━━ INFORMATION PROVIDED ━━
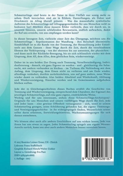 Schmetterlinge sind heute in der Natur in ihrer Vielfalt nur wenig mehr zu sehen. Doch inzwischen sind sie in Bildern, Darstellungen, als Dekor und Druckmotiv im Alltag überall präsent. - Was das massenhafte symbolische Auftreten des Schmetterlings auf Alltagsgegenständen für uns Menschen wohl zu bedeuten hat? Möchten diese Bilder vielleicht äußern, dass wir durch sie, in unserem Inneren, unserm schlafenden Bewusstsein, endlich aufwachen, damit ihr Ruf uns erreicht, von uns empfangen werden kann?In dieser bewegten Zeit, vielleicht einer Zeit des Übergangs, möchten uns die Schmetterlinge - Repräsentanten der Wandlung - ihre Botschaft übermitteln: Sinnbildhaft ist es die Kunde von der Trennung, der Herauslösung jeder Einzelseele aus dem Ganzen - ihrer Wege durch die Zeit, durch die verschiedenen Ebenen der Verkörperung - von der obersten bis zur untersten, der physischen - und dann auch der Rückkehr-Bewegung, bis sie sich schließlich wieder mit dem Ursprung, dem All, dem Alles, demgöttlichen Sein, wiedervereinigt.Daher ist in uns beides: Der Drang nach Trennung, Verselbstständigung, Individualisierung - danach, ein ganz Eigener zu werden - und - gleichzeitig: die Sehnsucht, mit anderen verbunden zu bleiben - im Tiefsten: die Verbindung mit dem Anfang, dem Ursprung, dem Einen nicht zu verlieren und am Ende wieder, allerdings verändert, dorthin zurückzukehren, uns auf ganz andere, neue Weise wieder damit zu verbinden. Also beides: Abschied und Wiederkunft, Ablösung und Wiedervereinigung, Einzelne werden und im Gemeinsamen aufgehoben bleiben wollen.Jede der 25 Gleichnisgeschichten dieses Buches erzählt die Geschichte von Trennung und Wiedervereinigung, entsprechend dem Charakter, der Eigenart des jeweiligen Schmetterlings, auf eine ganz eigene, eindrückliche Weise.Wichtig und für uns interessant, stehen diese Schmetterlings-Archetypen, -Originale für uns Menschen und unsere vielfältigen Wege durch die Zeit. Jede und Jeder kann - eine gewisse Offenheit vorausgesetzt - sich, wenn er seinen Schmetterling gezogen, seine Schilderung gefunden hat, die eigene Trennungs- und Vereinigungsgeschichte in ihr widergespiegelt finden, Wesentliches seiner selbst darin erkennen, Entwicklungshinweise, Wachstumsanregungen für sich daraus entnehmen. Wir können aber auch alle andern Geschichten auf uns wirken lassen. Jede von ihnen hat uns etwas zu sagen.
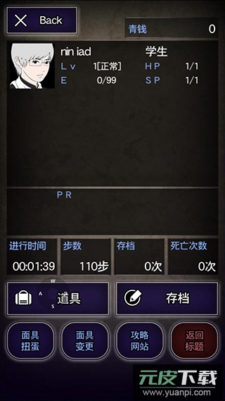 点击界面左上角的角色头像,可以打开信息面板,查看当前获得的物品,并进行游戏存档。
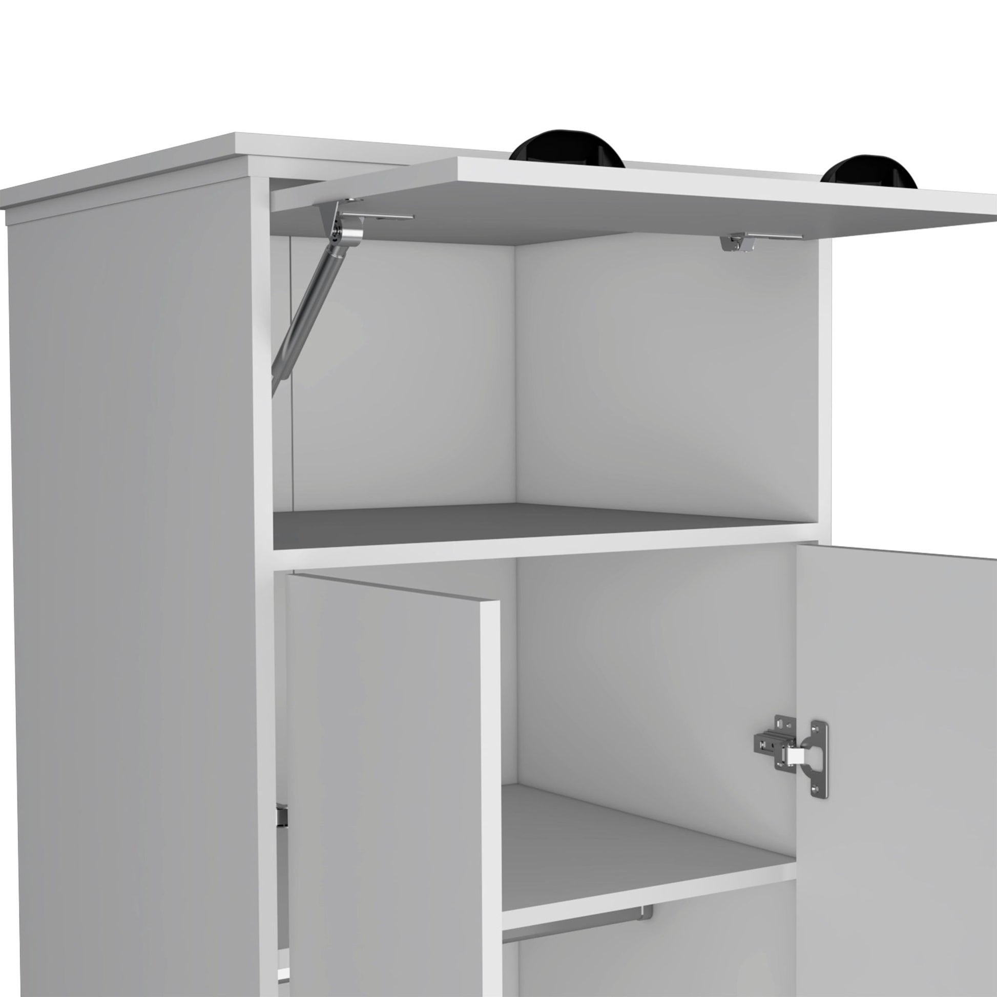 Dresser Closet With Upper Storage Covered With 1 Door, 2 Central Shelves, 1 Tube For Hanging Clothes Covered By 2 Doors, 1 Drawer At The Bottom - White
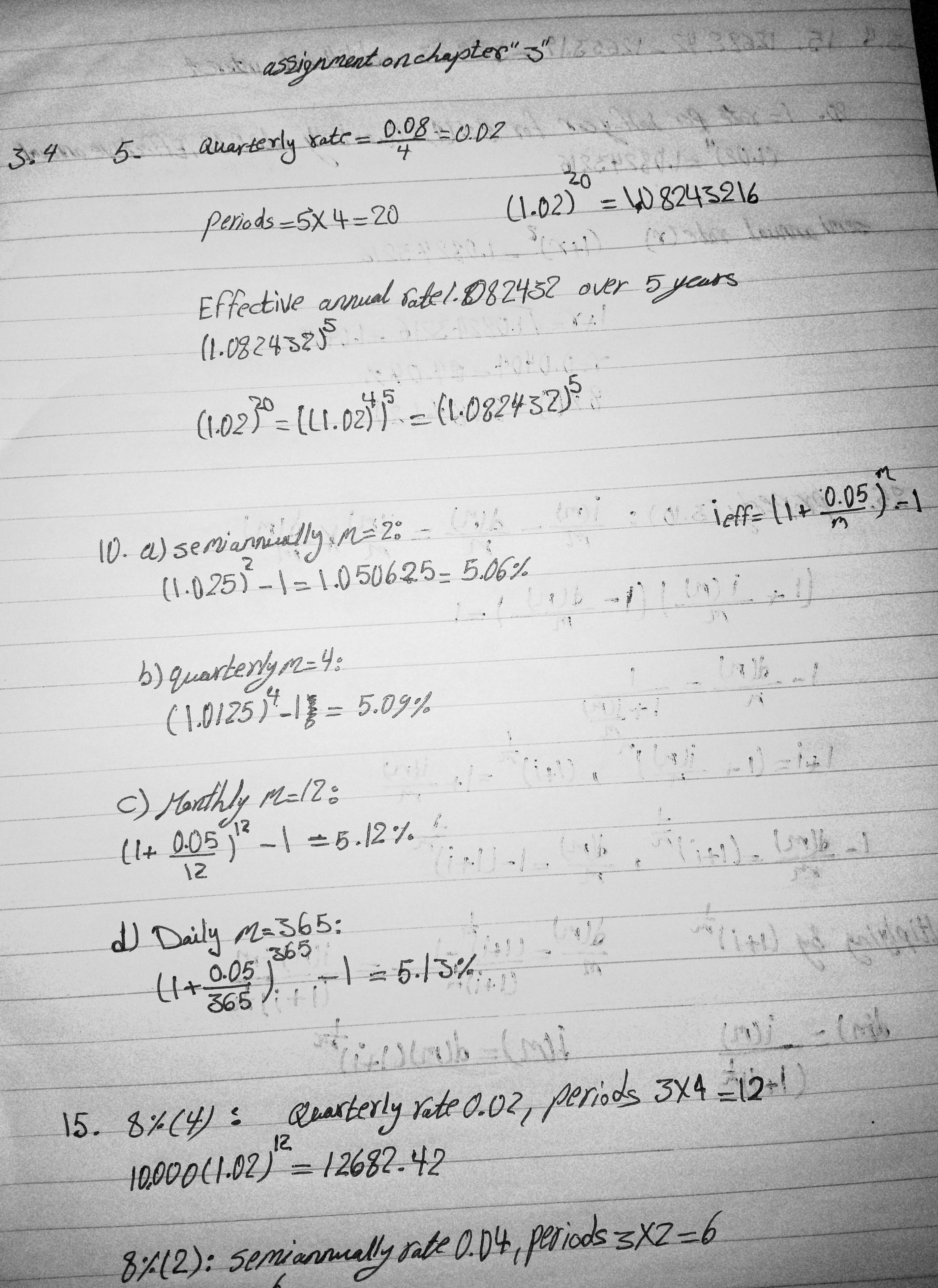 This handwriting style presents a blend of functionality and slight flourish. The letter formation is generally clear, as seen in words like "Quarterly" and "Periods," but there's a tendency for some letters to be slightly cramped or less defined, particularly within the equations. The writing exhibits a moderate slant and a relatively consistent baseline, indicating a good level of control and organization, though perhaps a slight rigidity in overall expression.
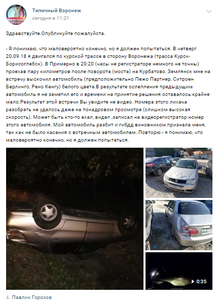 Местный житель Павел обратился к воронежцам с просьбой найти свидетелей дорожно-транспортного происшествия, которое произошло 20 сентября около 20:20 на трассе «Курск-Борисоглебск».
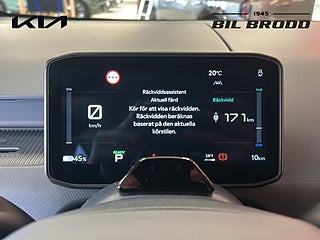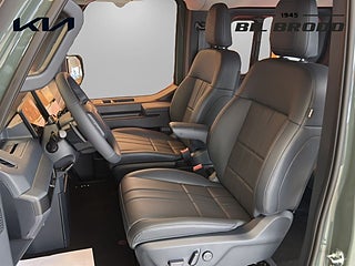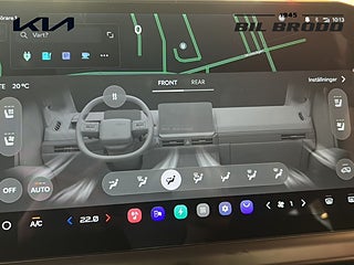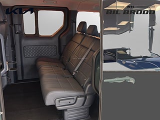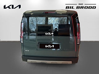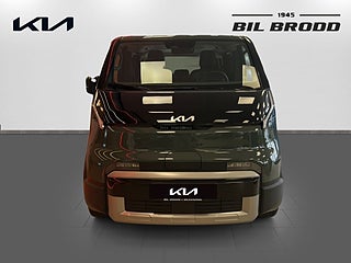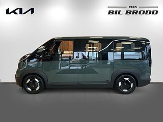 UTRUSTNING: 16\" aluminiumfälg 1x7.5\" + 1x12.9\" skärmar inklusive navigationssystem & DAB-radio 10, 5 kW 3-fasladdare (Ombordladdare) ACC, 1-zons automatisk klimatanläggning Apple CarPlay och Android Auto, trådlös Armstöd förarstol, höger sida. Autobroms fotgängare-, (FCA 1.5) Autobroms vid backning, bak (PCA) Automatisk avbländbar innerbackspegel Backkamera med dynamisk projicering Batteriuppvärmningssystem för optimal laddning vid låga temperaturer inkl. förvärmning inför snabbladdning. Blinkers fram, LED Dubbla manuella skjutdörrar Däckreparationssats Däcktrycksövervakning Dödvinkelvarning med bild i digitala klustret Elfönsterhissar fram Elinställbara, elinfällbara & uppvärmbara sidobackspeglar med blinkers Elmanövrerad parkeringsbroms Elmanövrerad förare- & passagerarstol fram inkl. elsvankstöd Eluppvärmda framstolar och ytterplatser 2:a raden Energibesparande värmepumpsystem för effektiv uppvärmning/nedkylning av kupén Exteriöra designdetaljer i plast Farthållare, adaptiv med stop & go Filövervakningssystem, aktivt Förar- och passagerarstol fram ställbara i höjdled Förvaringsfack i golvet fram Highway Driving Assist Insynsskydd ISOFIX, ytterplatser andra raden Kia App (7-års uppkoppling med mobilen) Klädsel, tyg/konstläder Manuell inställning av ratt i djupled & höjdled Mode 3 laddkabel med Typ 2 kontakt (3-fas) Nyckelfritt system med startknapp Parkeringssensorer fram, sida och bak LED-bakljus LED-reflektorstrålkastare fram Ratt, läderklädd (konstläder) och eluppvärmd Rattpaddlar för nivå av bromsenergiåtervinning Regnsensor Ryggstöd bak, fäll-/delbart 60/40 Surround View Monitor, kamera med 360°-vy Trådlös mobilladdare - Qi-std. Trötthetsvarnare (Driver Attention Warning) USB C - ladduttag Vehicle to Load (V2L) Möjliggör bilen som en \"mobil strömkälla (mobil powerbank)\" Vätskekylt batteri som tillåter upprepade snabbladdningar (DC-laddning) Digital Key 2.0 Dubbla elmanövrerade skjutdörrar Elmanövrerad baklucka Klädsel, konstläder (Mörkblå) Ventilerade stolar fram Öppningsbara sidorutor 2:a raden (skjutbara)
━━━
━━ INFORMATION PROVIDED ━━
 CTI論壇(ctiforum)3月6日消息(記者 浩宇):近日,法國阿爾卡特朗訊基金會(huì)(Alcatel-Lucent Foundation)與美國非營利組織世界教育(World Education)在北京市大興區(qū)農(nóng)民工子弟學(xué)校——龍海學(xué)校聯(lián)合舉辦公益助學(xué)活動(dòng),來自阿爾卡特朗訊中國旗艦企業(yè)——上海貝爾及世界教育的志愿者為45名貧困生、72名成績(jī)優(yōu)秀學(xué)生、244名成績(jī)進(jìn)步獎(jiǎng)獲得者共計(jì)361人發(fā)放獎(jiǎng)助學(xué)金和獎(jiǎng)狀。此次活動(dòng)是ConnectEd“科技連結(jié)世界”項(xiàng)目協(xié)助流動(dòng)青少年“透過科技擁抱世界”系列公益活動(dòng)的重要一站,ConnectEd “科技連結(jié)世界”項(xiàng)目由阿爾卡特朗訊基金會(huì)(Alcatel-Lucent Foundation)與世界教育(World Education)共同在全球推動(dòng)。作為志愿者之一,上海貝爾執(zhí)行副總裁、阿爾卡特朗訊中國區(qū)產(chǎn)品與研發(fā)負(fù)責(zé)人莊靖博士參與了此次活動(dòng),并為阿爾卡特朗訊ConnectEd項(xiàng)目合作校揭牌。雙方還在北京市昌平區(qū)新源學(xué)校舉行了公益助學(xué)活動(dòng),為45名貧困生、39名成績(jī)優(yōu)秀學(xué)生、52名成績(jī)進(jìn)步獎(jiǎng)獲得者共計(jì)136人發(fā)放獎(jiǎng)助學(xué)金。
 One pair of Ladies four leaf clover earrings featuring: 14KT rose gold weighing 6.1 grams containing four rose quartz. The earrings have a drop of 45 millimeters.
━━━
━━ INFORMATION PROVIDED ━━
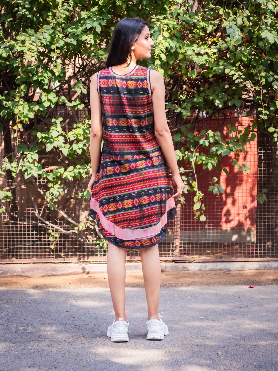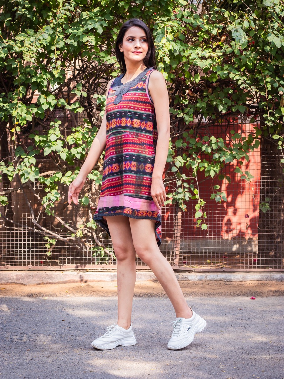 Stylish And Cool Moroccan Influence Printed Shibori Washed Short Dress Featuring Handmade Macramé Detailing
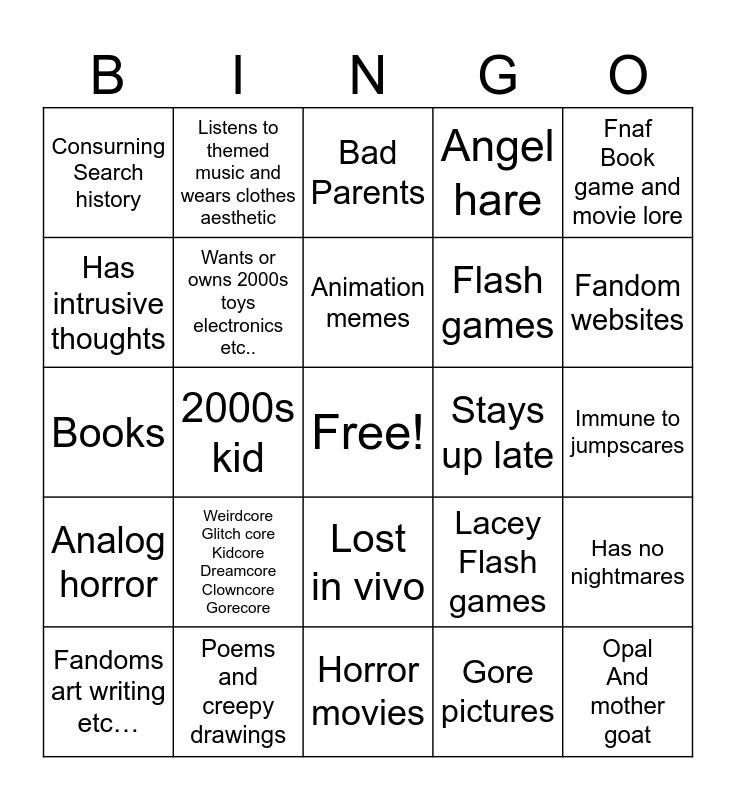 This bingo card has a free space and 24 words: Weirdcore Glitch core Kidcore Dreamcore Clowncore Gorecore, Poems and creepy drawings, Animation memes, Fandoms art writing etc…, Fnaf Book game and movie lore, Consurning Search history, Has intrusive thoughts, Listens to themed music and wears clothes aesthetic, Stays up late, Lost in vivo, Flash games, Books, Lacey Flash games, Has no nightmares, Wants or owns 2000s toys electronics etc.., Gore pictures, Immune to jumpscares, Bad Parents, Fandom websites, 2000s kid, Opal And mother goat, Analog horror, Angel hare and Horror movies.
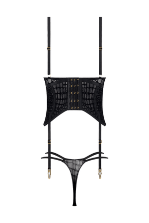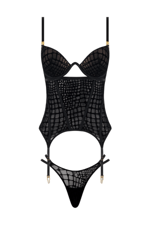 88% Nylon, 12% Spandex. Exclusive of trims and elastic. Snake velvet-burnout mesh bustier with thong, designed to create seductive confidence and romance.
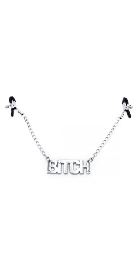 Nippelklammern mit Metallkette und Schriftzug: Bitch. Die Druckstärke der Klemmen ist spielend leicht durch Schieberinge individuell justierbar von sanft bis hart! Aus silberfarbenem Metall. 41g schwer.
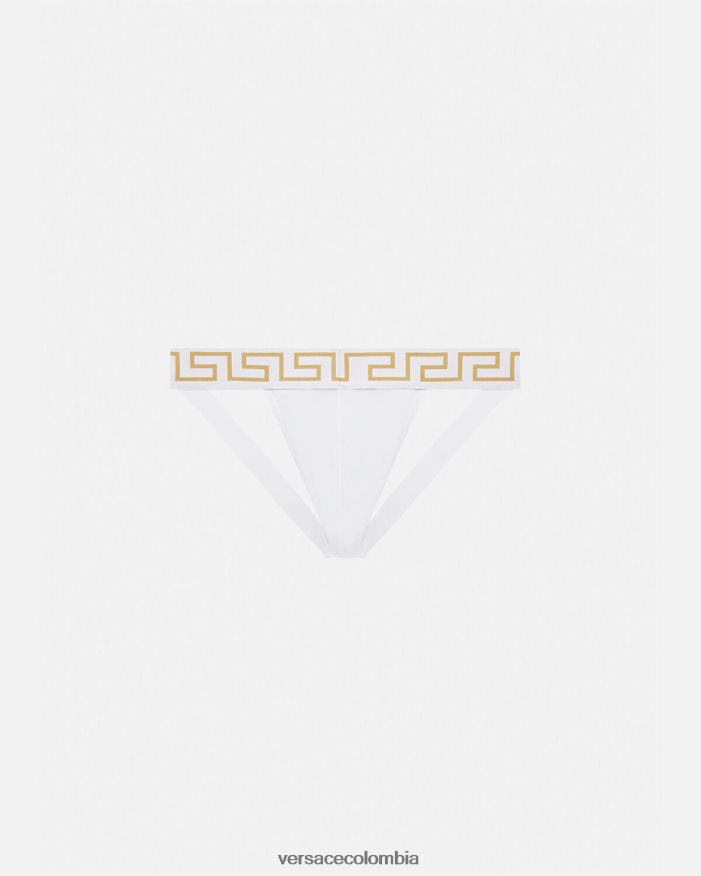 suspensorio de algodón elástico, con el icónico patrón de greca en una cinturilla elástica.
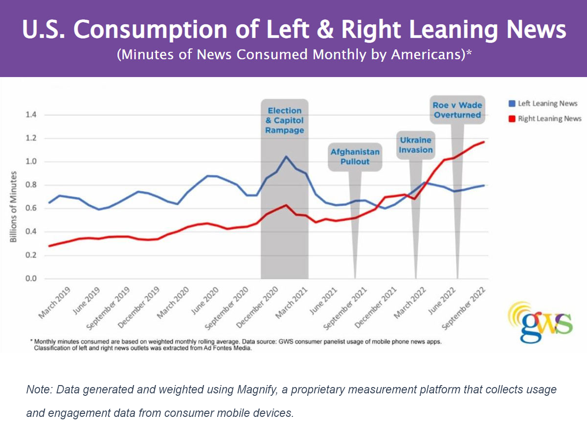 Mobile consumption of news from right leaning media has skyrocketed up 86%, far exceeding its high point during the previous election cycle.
━━━
YOUR GOAL.
Given the listing above, repeat exactly the lines starting at the one with "Stylish And Cool" and ending at the one with "Mobile consumption of", inclusive, excluding pictures.

EXERCISE SOLUTION.
 Stylish And Cool Moroccan Influence Printed Shibori Washed Short Dress Featuring Handmade Macramé Detailing
 This bingo card has a free space and 24 words: Weirdcore Glitch core Kidcore Dreamcore Clowncore Gorecore, Poems and creepy drawings, Animation memes, Fandoms art writing etc…, Fnaf Book game and movie lore, Consurning Search history, Has intrusive thoughts, Listens to themed music and wears clothes aesthetic, Stays up late, Lost in vivo, Flash games, Books, Lacey Flash games, Has no nightmares, Wants or owns 2000s toys electronics etc.., Gore pictures, Immune to jumpscares, Bad Parents, Fandom websites, 2000s kid, Opal And mother goat, Analog horror, Angel hare and Horror movies.
 88% Nylon, 12% Spandex. Exclusive of trims and elastic. Snake velvet-burnout mesh bustier with thong, designed to create seductive confidence and romance.
 Nippelklammern mit Metallkette und Schriftzug: Bitch. Die Druckstärke der Klemmen ist spielend leicht durch Schieberinge individuell justierbar von sanft bis hart! Aus silberfarbenem Metall. 41g schwer.
 suspensorio de algodón elástico, con el icónico patrón de greca en una cinturilla elástica.
 Mobile consumption of news from right leaning media has skyrocketed up 86%, far exceeding its high point during the previous election cycle.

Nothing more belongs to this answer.